Chris Joseph

Electronic writer and artist
Archive for November 14th, 2008

Ranulph Glanville at the Computer Arts Society, London - 2 December 2008

2 December 2008
6:30 pmto8:30 pm



Ranulph Glanville

No Longer a Shrinking Violet?

2 December 2008 - 6:30 for 7:00
Institute of Archeology - Room 410
University College London, 31-34 Gordon Square, London WC1H 0PY
Nearest tubes: Euston Square, Warren Street & Russell Square
Map: http://www.ucl.ac.uk/archaeology/intro/UCLmap.htm

The significance of cybernetics in the development of computer arts is apparent in the title of Jasia Reichart’s Cybernetic Serendipity Exhibition, now celebrating its 40th anniversary (which is also the 50th of the Philips Pavilion and the 60th of Wiener’s eponymous book). It featured, prominently, the work of several cyberneticians whose art is currently being very positively re-evaluated (see for instance www.paskpresent.com, and exhibition of work coming out of Gordon Pask’s work and ideas).

Yet 1968 is also often seen as the beginning of the very rapid decline of cybernetics to the point that, by the early 1970s, some were referring to it as dead.

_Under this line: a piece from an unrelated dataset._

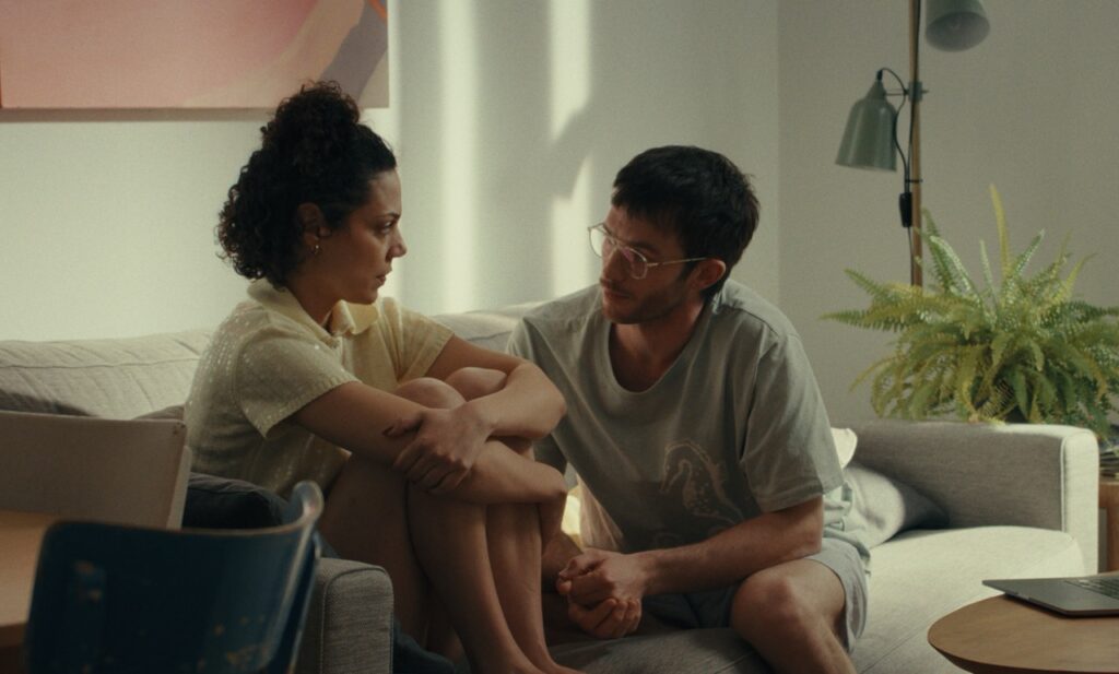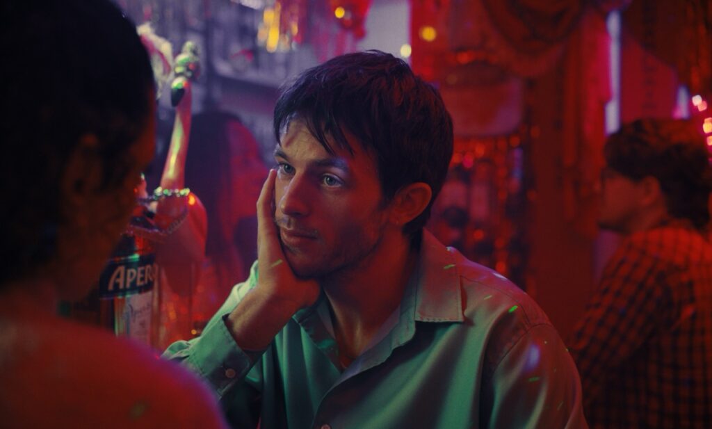 Die meiste Zeit fühlt man sich als Zuschauer:in dann wie ein heimlicher Beobachter. Die Kamera ist nur selten nah an den Charakteren dran aber die Bildausschnitte wirken, als wäre man Zeuge eines eigentlich viel zu intimen Moments. Je weiter man Jerome und Tanja kennenlernt, desto mehr versteht man dann auch den Gedanken dahinter. Eine distanzierte Beobachter-Haltung nehmen die beiden Hauptcharaktere nämlich ebenfalls ein. Tatsächlich kann man sich sogar ziemlich gut vorstellen, dass beide ihre Beziehung eher in einer Drohnenshot-Perspektive analysieren als mental wirklich in sonnigen Laken zu liegen oder Eis-essend durch einen Park zu laufen. In ihren Beobachtungen sind sie dann oft vermeintlich rational, sehen fast alles ironisch und sich selbst, ihre Beziehung und Umgebung auf einer Art erhabenen Metaebene.

However, 1968 also sees the beginning of a transformation of cybernetics that occurred through the application of cybernetic understandings to the field itself. For convenience, we can take this as initiated by Margaret Mead’s paper “Cybernetics of Cybernetics”. For some reason, this transformation has not received the recognition of the earlier version of cybernetics, or of other, contemporaneous developments. But it is alive, and well, if something of a shrinking violet!

In this talk, I will discuss the development of this so called second order cybernetics, and will present some of the central understandings and concepts. Many of them seem to me to be much more sympathetic to artists and the arts than those of 1968, and to bring an all together much more sophisticated world view, one that is much less mechanistic than the original.